What to produce: From top to bottom, write out the listing exactly and skip every picture.

(Provided material begins)

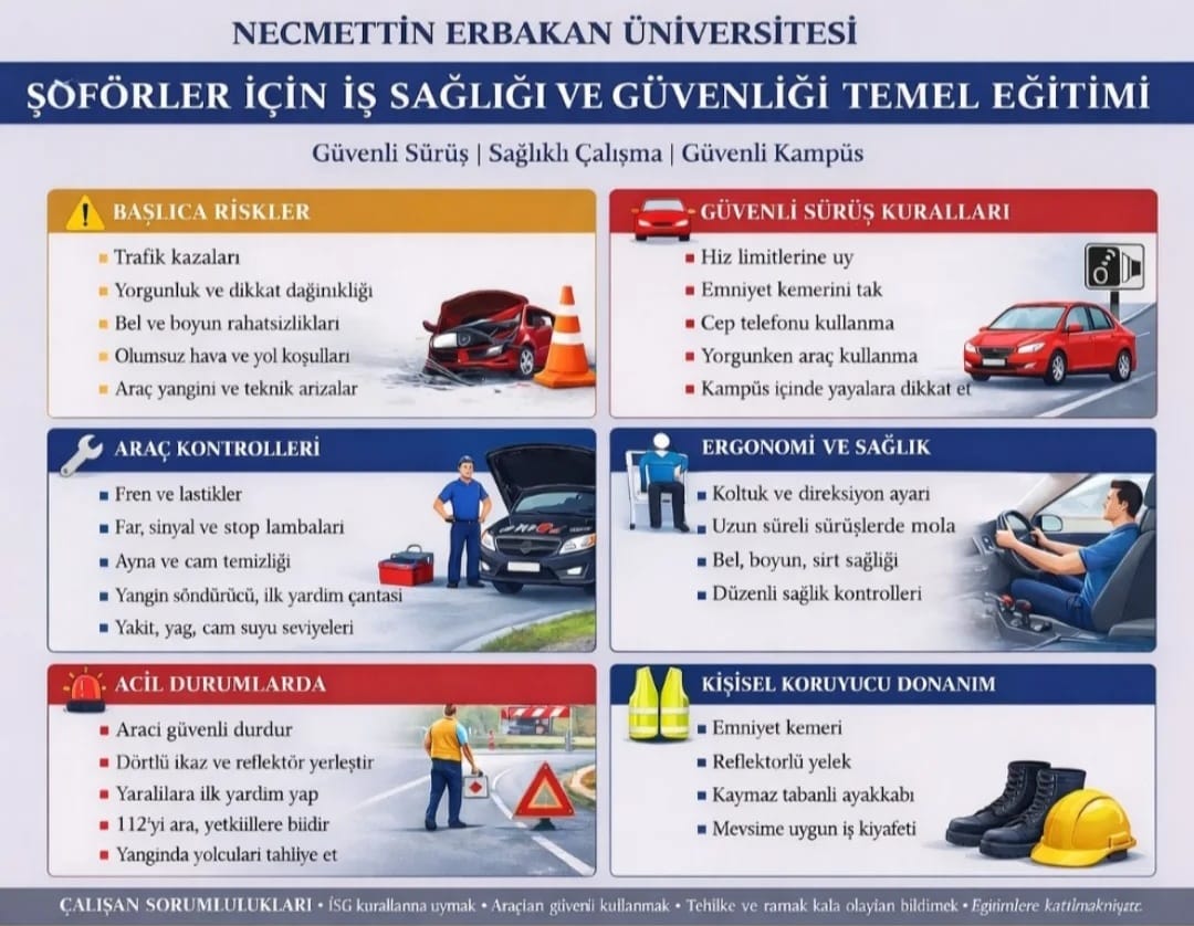Programa, Üniversitemiz İş Sağlığı ve Güvenliği Koordinatörlüğü Koordinatör Yardımcısı ve İş Güvenliği Uzmanı Şemsettin KUNT katılım sağladı. Eğitim kapsamında; iş sağlığı ve güvenliği kültürünün güçlendirilmesi, şoför personelin karşılaşabileceği iş ve trafik kazalarının önlenmesi, güvenli sürüş ve çalışma alışkanlıklarının geliştirilmesi ile acil durumlarda alınması gereken önlemler ele alındı. Ayrıca, 6331 sayılı İş Sağlığı ve Güvenliği Kanunu’nun temel hükümleri katılımcılara örnekler eşliğinde aktarılarak uygulamaya yönelik bilgilendirmelerde bulunuldu.
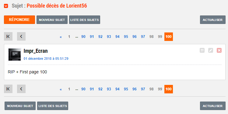 Les khey Lorient était loin d'etre le type le plus sympa du monde mais quand j'imagine la vie horrible qu'il a du avoir jusqu'à sa mort ça me rend triste y devait être tellement seul pour être h24 sur un forum et être obligé de mytho comme ça, que ça serve d'exemple au forumeur de ne pas finir comme ça personne le mérite
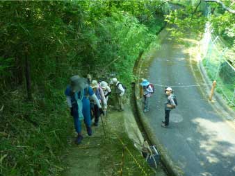 螺旋状の道を下り、登山口に全員無事下山した。登山口の耳成公園で一息ついで、今日の温泉、あすかの湯へ太陽いっぱいの炎天下を15分ほど歩いて到着した。温泉に浸かってゆっくりした。
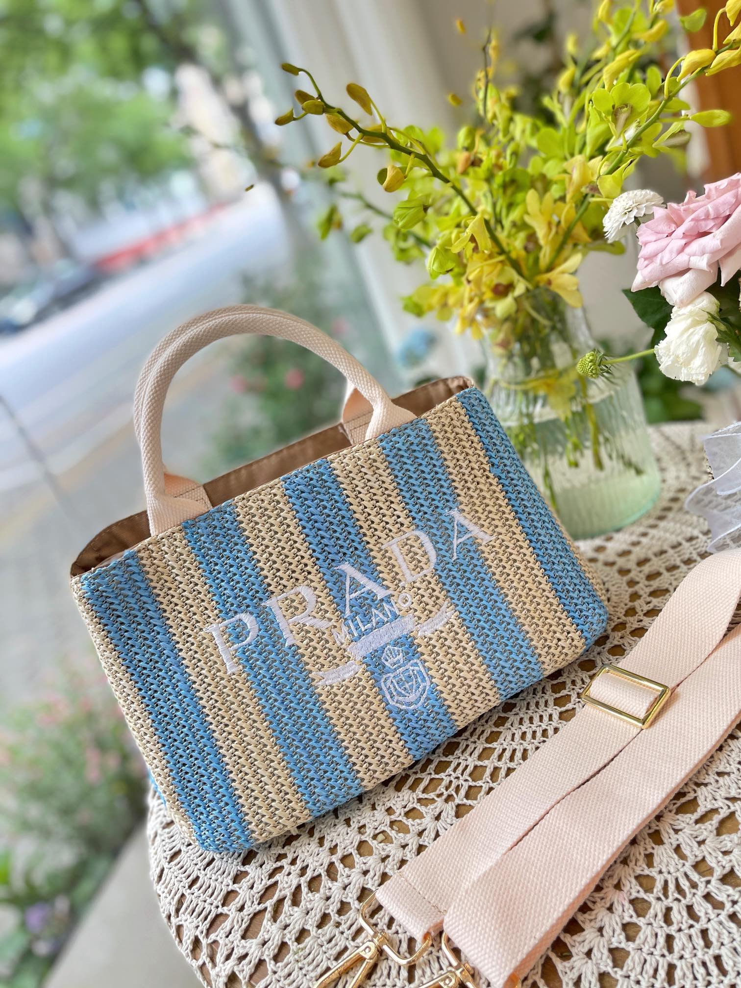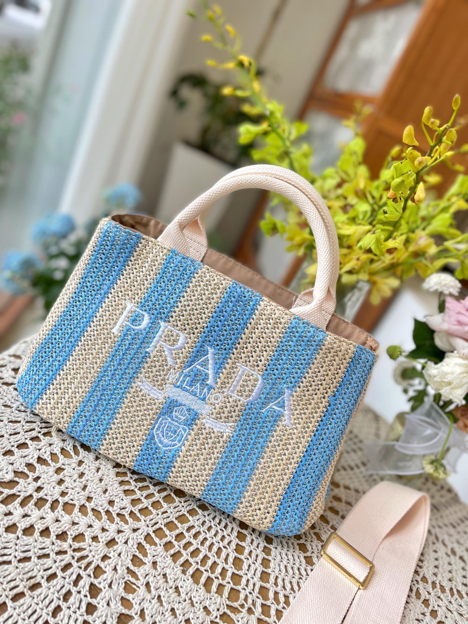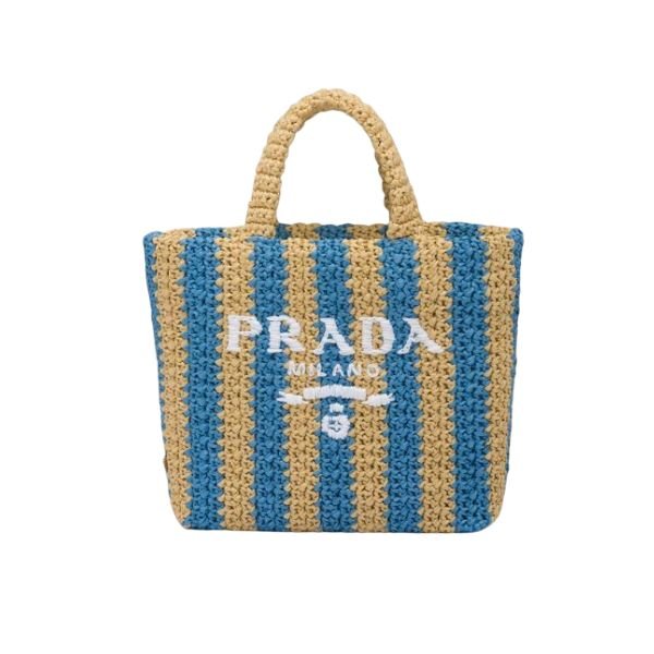 Prada Raffia Tote Bag Tan And Blue 1Bg4222A2Tf0O8Avoor

(Provided material ends)

Reply to the exercise:
Programa, Üniversitemiz İş Sağlığı ve Güvenliği Koordinatörlüğü Koordinatör Yardımcısı ve İş Güvenliği Uzmanı Şemsettin KUNT katılım sağladı. Eğitim kapsamında; iş sağlığı ve güvenliği kültürünün güçlendirilmesi, şoför personelin karşılaşabileceği iş ve trafik kazalarının önlenmesi, güvenli sürüş ve çalışma alışkanlıklarının geliştirilmesi ile acil durumlarda alınması gereken önlemler ele alındı. Ayrıca, 6331 sayılı İş Sağlığı ve Güvenliği Kanunu’nun temel hükümleri katılımcılara örnekler eşliğinde aktarılarak uygulamaya yönelik bilgilendirmelerde bulunuldu.
 Les khey Lorient était loin d'etre le type le plus sympa du monde mais quand j'imagine la vie horrible qu'il a du avoir jusqu'à sa mort ça me rend triste y devait être tellement seul pour être h24 sur un forum et être obligé de mytho comme ça, que ça serve d'exemple au forumeur de ne pas finir comme ça personne le mérite
 螺旋状の道を下り、登山口に全員無事下山した。登山口の耳成公園で一息ついで、今日の温泉、あすかの湯へ太陽いっぱいの炎天下を15分ほど歩いて到着した。温泉に浸かってゆっくりした。
 Prada Raffia Tote Bag Tan And Blue 1Bg4222A2Tf0O8Avoor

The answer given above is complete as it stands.